Inward Swirling Flamelet Model

TL;DR

This paper introduces a novel three-dimensional inward swirling flamelet model for turbulent combustion, incorporating vorticity effects, variable density, and multi-structure determination, with potential impacts on flame behavior predictions.

Contribution

The paper develops a new inward swirling flamelet model that dynamically determines flame structures and accounts for vorticity and density variations, advancing sub-grid modeling in turbulent combustion.

Findings

Vorticity influences molecular transport and burning rates.

Flow reversal and extended flammability limits observed.

Centrifugal effects significantly alter flame characteristics.

Abstract

A new rotational flamelet model with inward swirling flow through a stretched vortex tube is developed for sub-grid modeling to be coupled with the resolved flow for turbulent combustion.

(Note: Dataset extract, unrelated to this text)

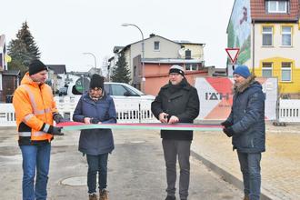 Planer Heiko Rohatzsch (IB Brückenköpfe GmbH), Sabine Dittmer aus dem Bauamt, Bürgermeister Dirk Flörke und Björn Bick von der bauausführenden Firma (Matthäi Bauunternehmen GmbH & Co. KG) durchtrennen das symbolische Band.

The model has critical new features compared to existing models. (i) Non-premixed flames, premixed flames, or multi-branched flame structures are determined rather than prescribed. (ii) The effects of vorticity and the related centifugal acceleration are determined. (iii) The strain rates and vorticity applied at the sub-grid level can be directly determined from the resolved-scale strain rates and vorticity without a contrived progress variable. (iv) The flamelet model is three-dimensional. (v) The effect of variable density is addressed. (vi) The inward swirl is created by vorticity combined with two compressive normal strain components; this feature distinguishes the model from counterflow flamelet models. Solutions to the multicomponent Navier-Stokes equations governing the flamelet model are obtained. By coordinate transformation, a similar solution is found for the model, through a system of ordinary differential equations. Vorticity creates a centrifugal force on the sub-grid counterflow that modifies the molecular transport rates, burning rates, and flammability limits. Sample computations of the inward swirling rotational flamelet model without coupling to the resolved flow are presented to demonstrate the importance of the new features. Premixed, nonpremixed, and multi-branched flame structures are examined. Parameter surveys are made with rate of normal strain, vorticity, Damk\"{o}hler number, and Prandtl number. The centrifugal effect has interesting consequences when combined with the variable-density field. Flow direction can reverse; burning rates can be modified; flammability limits can be extended.